Een gouden tientje dat in oplage van miljoenen is gemaakt is een stuk minder schaars dan eentje waar er slechts enkele tientallen van zijn geslagen. Moderne tien euro muntstukken zijn meestal makkelijk te verkrijgen en soms minder gewild, waardoor deze minder schaars zijn. Sommige tien gulden munten kunnen meer dan honderd jaar oud zijn, maar door de hoge oplage toch niet schaars. Voor niet-schaarse tientjes is de goudprijs leidend. Op muntveilingen wordt de geboden prijs bepaald door de vraag versus het aanbod, waarbij de zeldzaamheid in combinatie met de kwaliteit maatgevend zijn. Indien een tientje zo extreem schaars is dat deze niet of nauwelijks in de handel komt, dan is de waarde waarschijnlijk zeer hoog, maar niet goed te bepalen.

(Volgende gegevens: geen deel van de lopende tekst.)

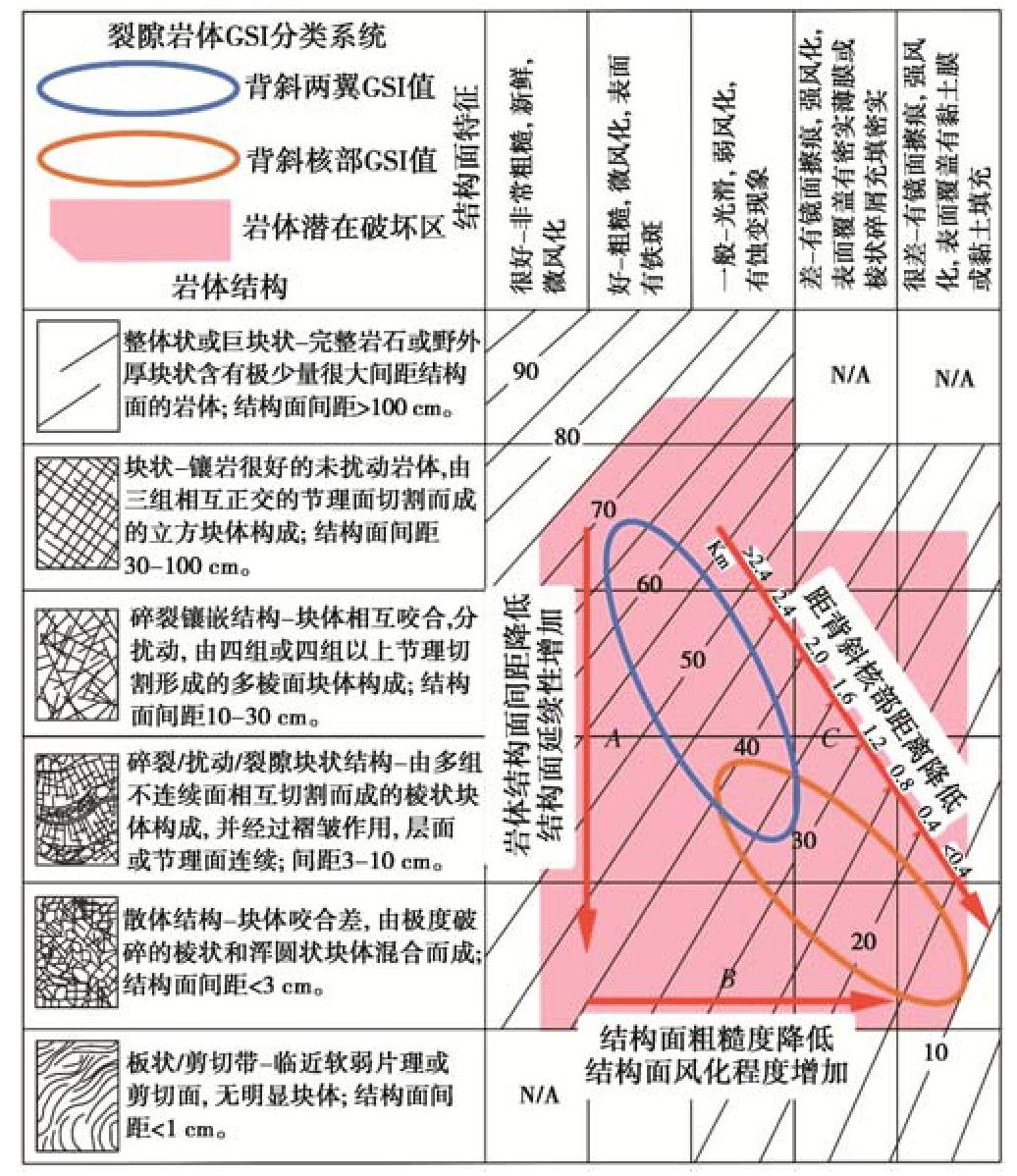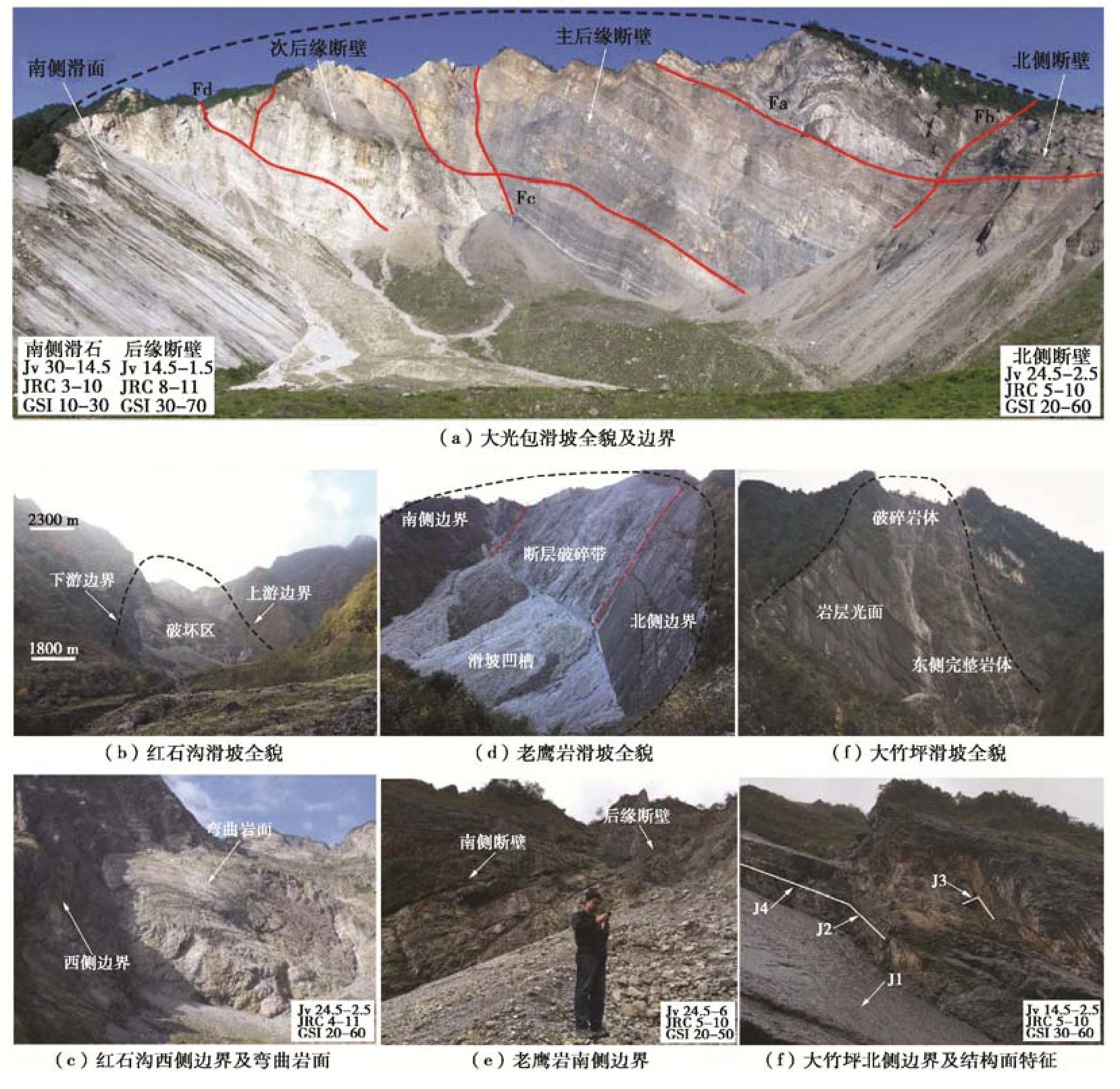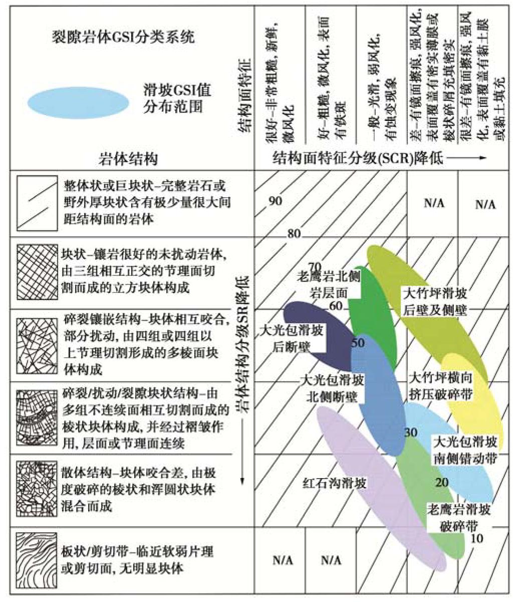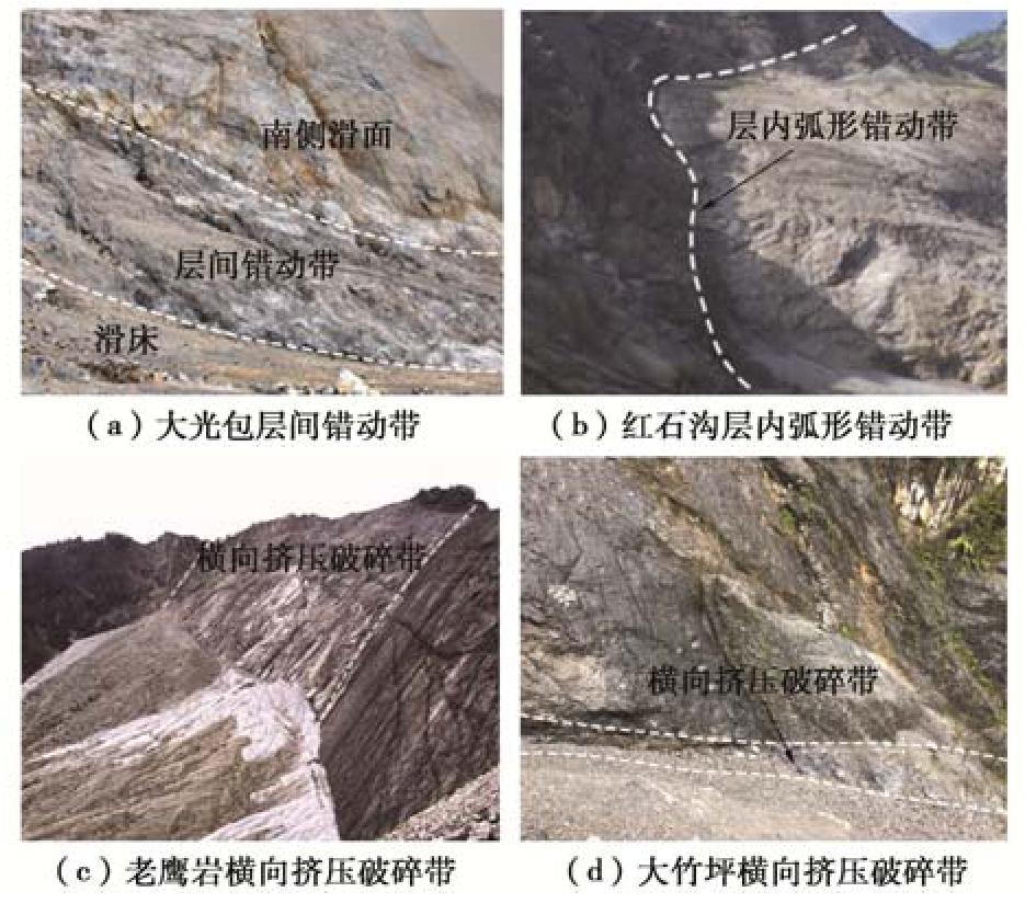Rock landslides are generally controlled by a series of discontinuities that relate to faults, folds and shear zones, which provide potential failure boundaries. To study the influences of rock mass damage and discontinuous geological interface on the formation and initiation of landslides under the background of fault and anticline, four large landslides triggered by the Wenchuan Ms8.0 earthquake in the carbonate strata of two wings of Dashuizha anticline are selected as examples to carry out detailed engineering geological investigation, structural plane survey, rock testing and rock quality assessment of GSI. The results show that there are clear differences in structural damage caused by fault and anticline. Gradually, the rock mass quality increases from the axis of anticline to the two wings, only decreases significantly locally, and controls the formation position of landslides. Meanwhile, under the background of structural damage, the structural plane and weak zone of specific rock jointly determine the initiation mechanism, and the types are summarized as "control side sliding type", "control bottom sliding type", "control sliding body type" and "control base type". In addition, the comparison of GSI of seismic and non-seismic landslides reveals that strong earthquake may promote the rapid start of landslides by reducing the rock mass quality, and then accelerate the process of geomorphic erosion in the structural damage area. Finally, it is believed that considering the rock mass damage in complex tectonic environment is very important to assess the location and initiation mechanism of potential large-scale landslides caused by strong earthquakes.
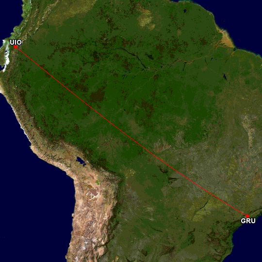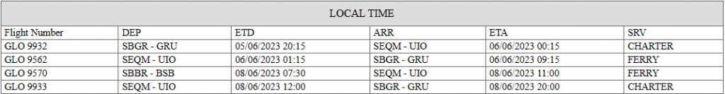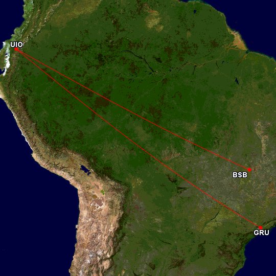 O voo de ida partiu do Aeroporto de Guarulhos no dia 05/06 às 20h15 pousando no Aeroporto Internacional Mariscal Sucre às 00h15 do dia 06/06, e regressou ao Brasil vazio, como mostra a tabela abaixo:
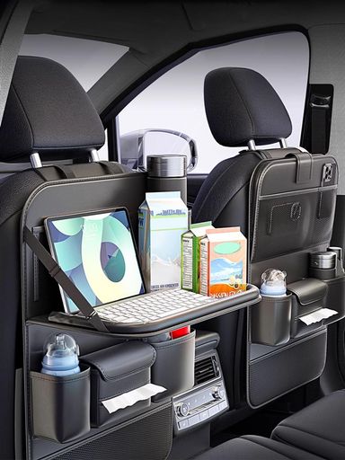 自動車 【大容量&多収納ポケット】車内の整理整頓に最適な広い収納スペースを提供します。大小様々な収納ポケットがあり、ボトルホルダー、タブレットホルダー、雑誌ポケット、ティッシュケースなど、必要なアイテムをしっかり収納できます。家族旅行や長距離ドライブで便利に活用でき、すぐに必要な物を取り出せます。 【折りたたみテーブル付】頑丈で安定感のある折りたたみ式テーブルが付属しており、食事やドリンクを置いたり、お子様の勉強やお絵描き、大人のパソコン作業にも利用可能です。使用しないときは簡単に折りたたみ、車内のスペースを有効に活用できます。 【高品質のレザー素材】高級感のあるPUレザーを使用しており、耐久性にも優れています。しっかりとした縫製で長期間使用しても形崩れしにくく、美しい外観を保ちながら、後部座席のインテリアにもピッタリです。 【防水・防汚加工】飲み物や食べ物をこぼしても簡単に拭き取れる防水加工が施されています。汚れに強く、日々のメンテナンスも簡単です。また、長さが十分にあるため、お子様や足を組んだりする際にシートを汚れから守ります。
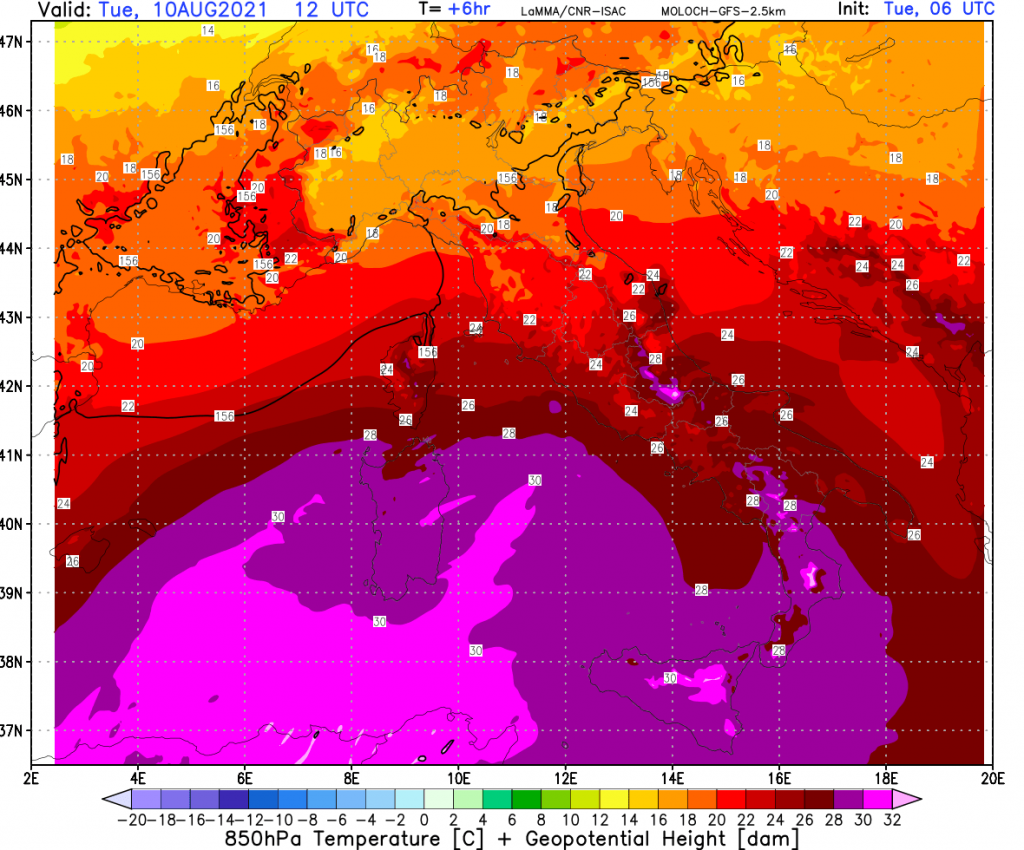La massa d’aria rovente sahariana verrà scacciata via dall’irrompere di correnti settentrionali, meno calde, che provocheranno, già da giovedì 12 agosto 2021, un graduale calo delle temperature che comunque continueranno a rimanere pur sempre sopra le medie del periodo. Ma su valori un pochino più tollerabili, almeno fino al weekend di Ferragosto. Domani avremo temperature massime sempre elevate, che si spingeranno sopra i +33°C +34°C, nonostante il soffio delle brezze lungo tutta la fascia costiera. Ma come detto sarà un caldo decisamente più sopportabile, anche se accompagnato da valori di umidità relativa più alti rispetto a quelli dei giorni scorsi.
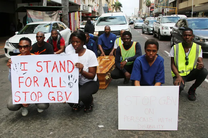 Bebehamba bephethe ibhokisi ngesikhathi bemasha. UNxumalo uthe ibhokisi beliwuphawu lokuthi bayasivala isihlava sokuhlukunyezwa kwabantu abakhubazekile.
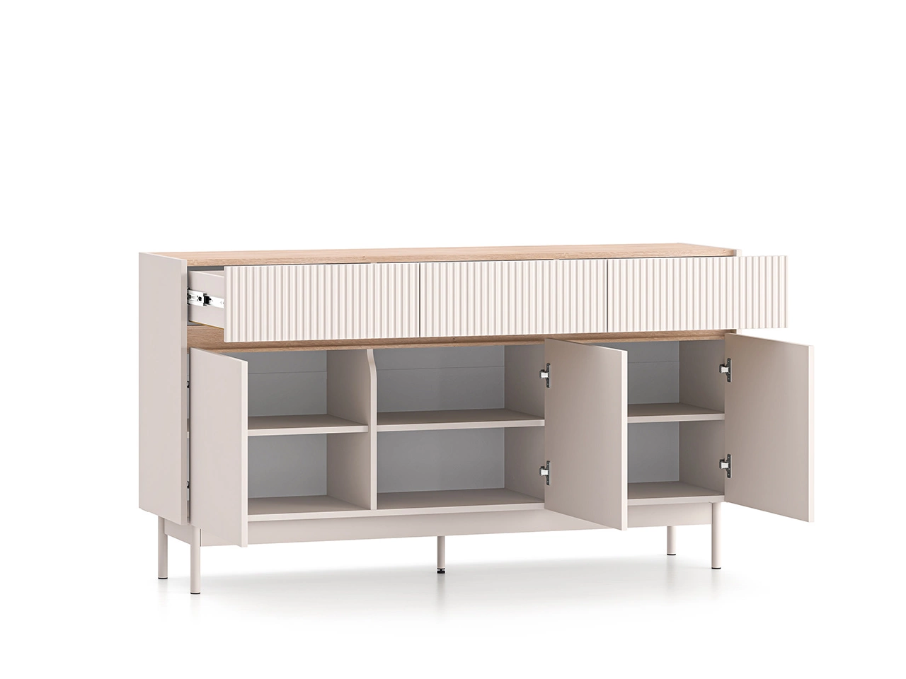 Szeroki blat pozwala na stylową ekspozycję dekoracji – wazonów, ramek, świec czy pamiątek z podróży. Komfort użytkowania zapewniają szuflady z pełnym wysuwem, zawiasy z cichym domykaniem oraz solidne, metalowe nóżki, które gwarantują trwałość i stabilność. Eleganckie wykończenie w kolorze kaszmirowym z dekorem Dąb Cremona podkreśla nowoczesny charakter mebla i sprawia, że komoda pasuje do różnych aranżacji wnętrz.
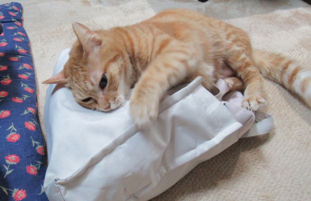 私の出勤用のトートーバッグに噛みついてけりけりしているきゃこちゃんです。それがそんなに憎いか~。

Onderstaande grafiek laat zien welke gouden tien gulden munten door hun schaarste meer opleveren dan de goudprijs. In deze grafiek hebben de duurste tientjes een grotere cirkel en staan ze hoger. De minst schaarse tientjes (dwz. die op veilingen het vaakst zijn aangeboden) zijn het lichtst gekleurd.

Aan deze grafiek is goed te zien dat de tientjes van Willem III en van Wilhelmina minder schaars en minder duur zijn dan die van de eerdere vorsten, met uitzondering van de tientjes uit 1892 en 1895. Het meest prijzig zijn de tientjes van Lodewijk Napoleon, Willem II en enkele jaartallen van Willem I.

Van de tientjes van 1808 en 1820 zijn momenteel geen verkoopcijfers bekend. De tientjes uit 1917 en 1926 kennen een exemplaar in schaarse kwaliteit waarvan de hoge verkoopprijs het gemiddelde omhoog trekt, waardoor dit anderszins niet-schaarse tientje in de grafiek er iets hoger uitspringt.